:: SOURCE DATA ::
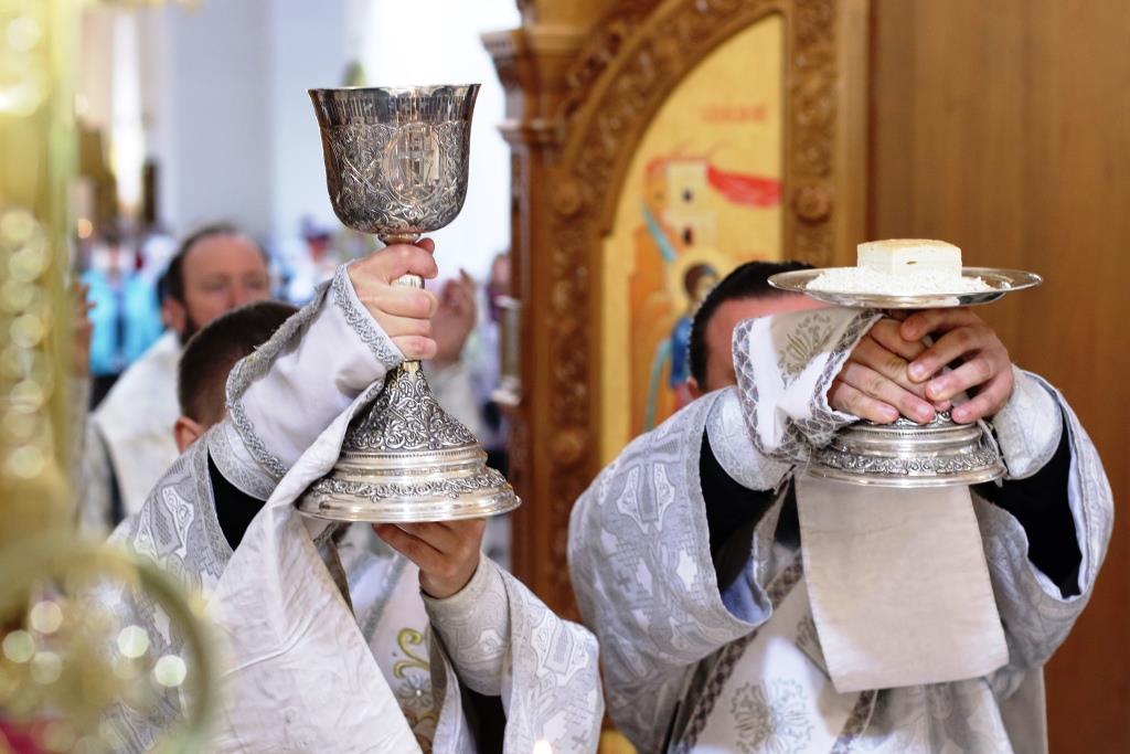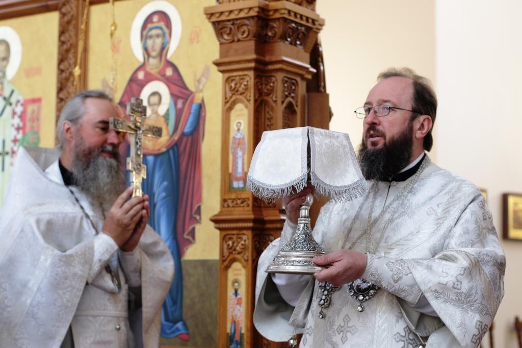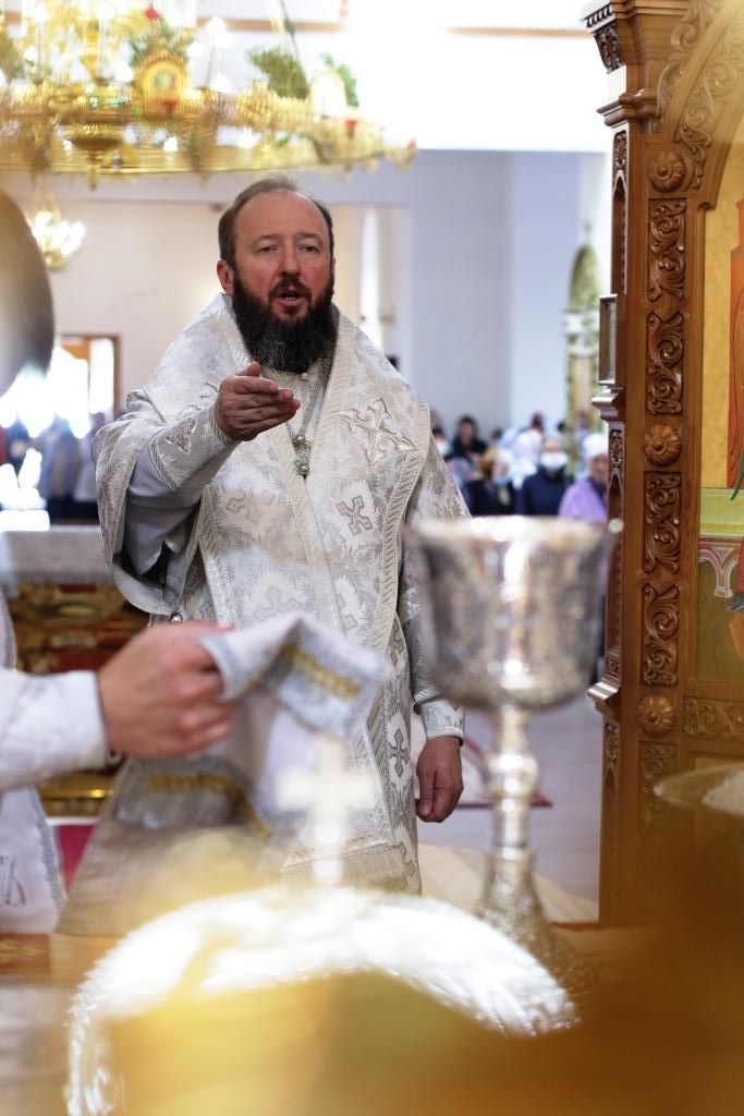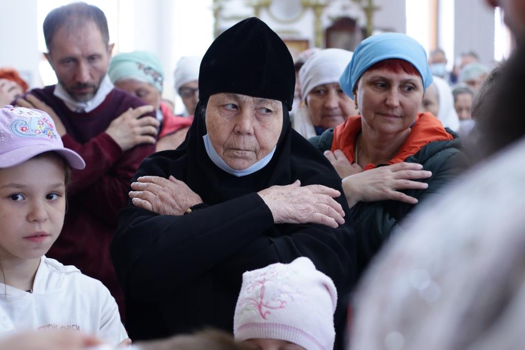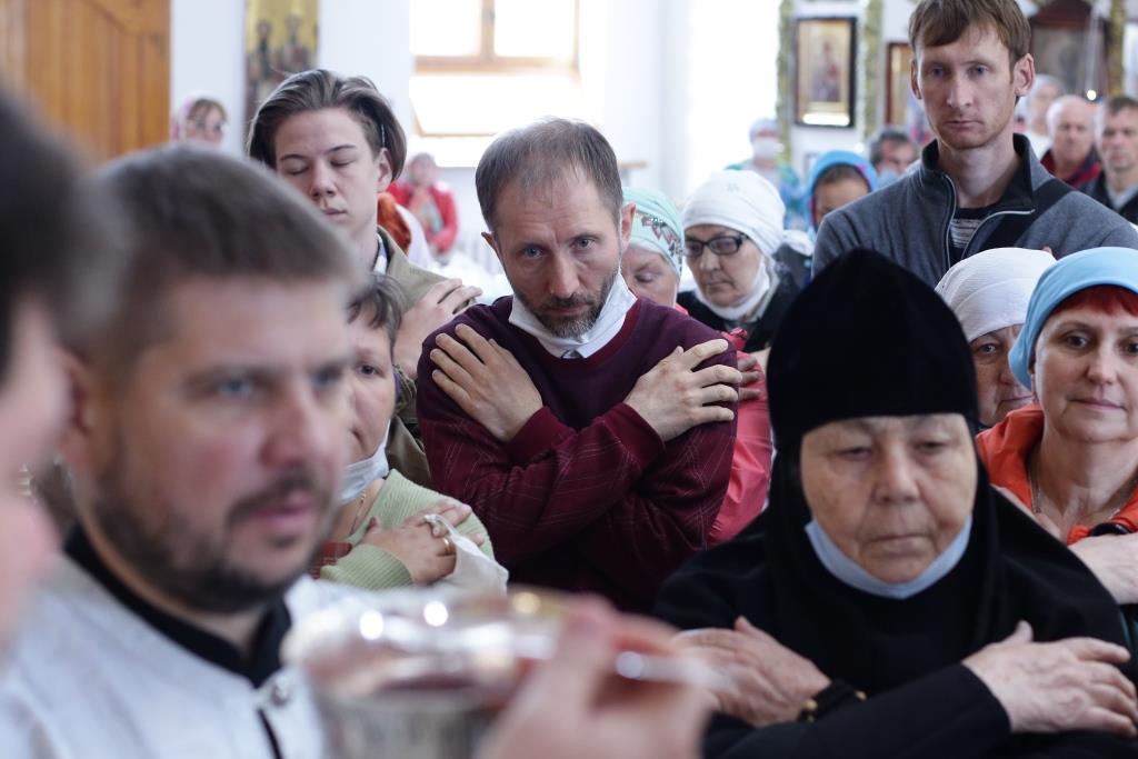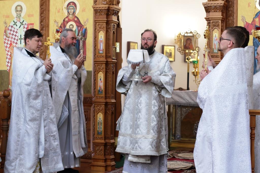 За Литургией и панихидой молились насельники Свято-Троицкой обители, сотрудники епархиальных отделов, прихожане кафедрального собора. Песнопения Троицкой родительской субботы исполнял хор Андреевского собора под управлением Н. Романцовой. Перед причастием мирян проповедовал священник Константин Дьяков.
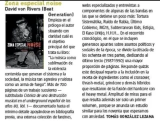 Crónica de una destrucción musical en el underground español de los años 80. Zona Especial Noise es un exhaustivo y ameno recorrido por la génesis y el desarrollo de estos estilos en el panorama subterráneo de nuestro país: desde los feroces prolegómenos del punk más salvaje hasta los años del hardcore utópico; a la aparición del controvertido thrash metal, los primeros rudimentos del death metal y los pioneros del grindcore. Con RIP, Attak, Frenopaticss, IV Reich, MG15, Anti/Dogmatikss, Tortura Sistemátika, HHH, Subterranean Kids, GRB, Último Gobierno, Ruido de Rabia, Máximo Volumen, Anestesia, Ac
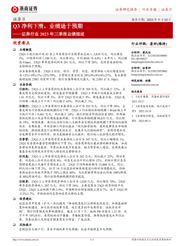 【浙商证券】【20231102】证券行业2023年三季报业绩综述:Q3净利下滑,业绩逊于预期-11页
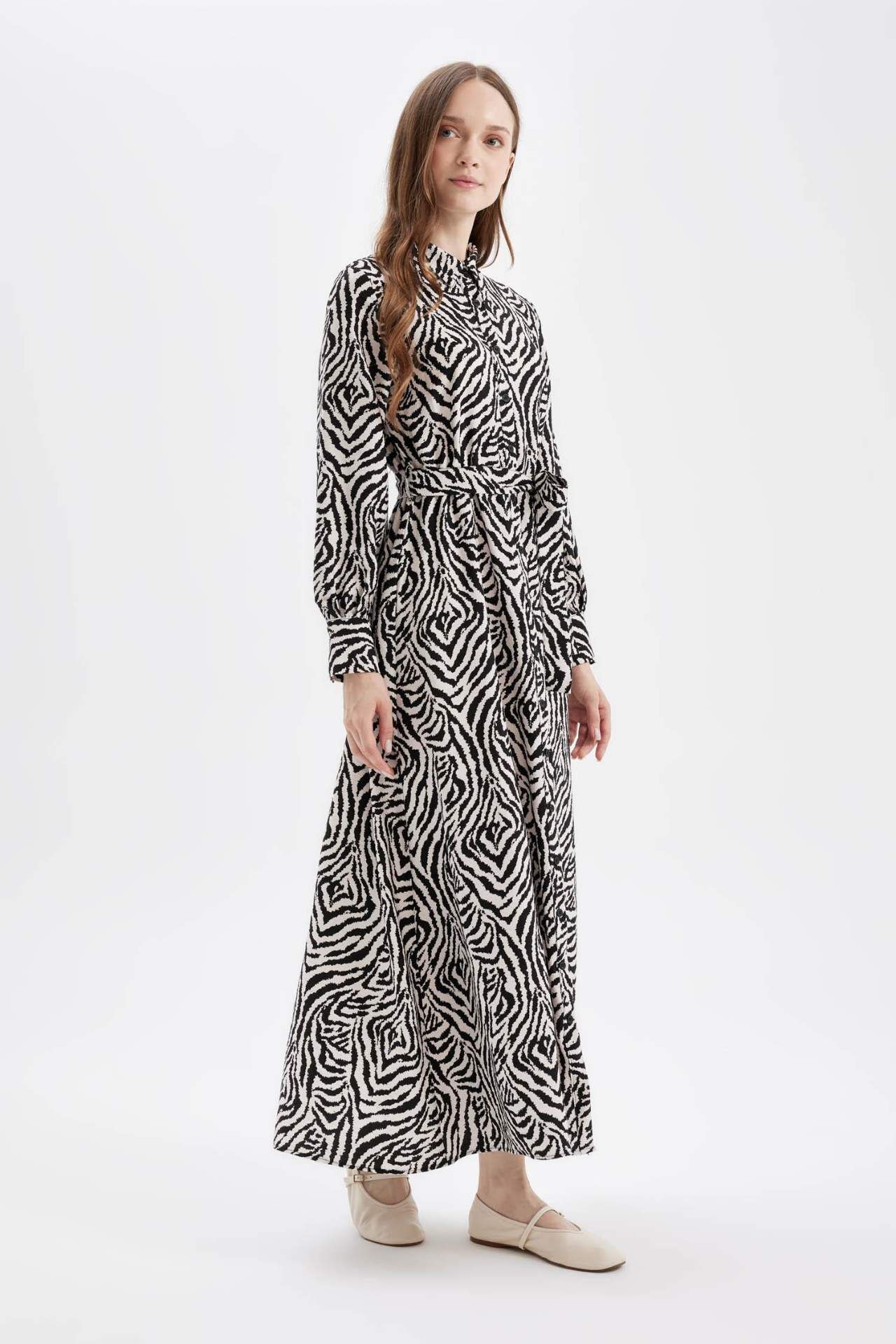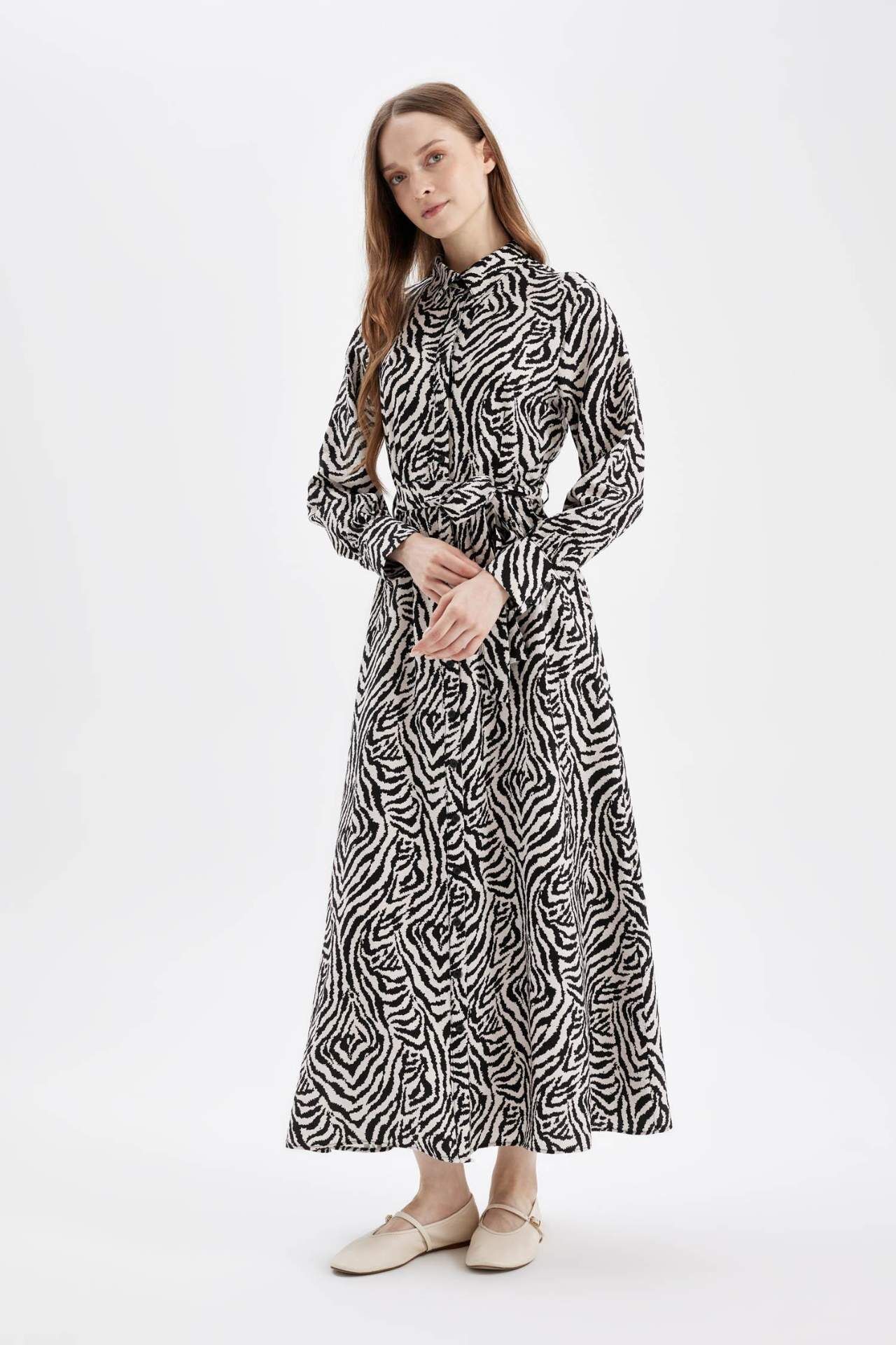 A Kesim Desenli Gömlek Yaka Uzun Kollu Maxi Elbise

:: BRIEF ::
Each line of the data is to be duplicated exactly; pictures stay out of the copy.

:: WRITTEN RESPONSE ::
 За Литургией и панихидой молились насельники Свято-Троицкой обители, сотрудники епархиальных отделов, прихожане кафедрального собора. Песнопения Троицкой родительской субботы исполнял хор Андреевского собора под управлением Н. Романцовой. Перед причастием мирян проповедовал священник Константин Дьяков.
 Crónica de una destrucción musical en el underground español de los años 80. Zona Especial Noise es un exhaustivo y ameno recorrido por la génesis y el desarrollo de estos estilos en el panorama subterráneo de nuestro país: desde los feroces prolegómenos del punk más salvaje hasta los años del hardcore utópico; a la aparición del controvertido thrash metal, los primeros rudimentos del death metal y los pioneros del grindcore. Con RIP, Attak, Frenopaticss, IV Reich, MG15, Anti/Dogmatikss, Tortura Sistemátika, HHH, Subterranean Kids, GRB, Último Gobierno, Ruido de Rabia, Máximo Volumen, Anestesia, Ac
 【浙商证券】【20231102】证券行业2023年三季报业绩综述:Q3净利下滑,业绩逊于预期-11页
 A Kesim Desenli Gömlek Yaka Uzun Kollu Maxi Elbise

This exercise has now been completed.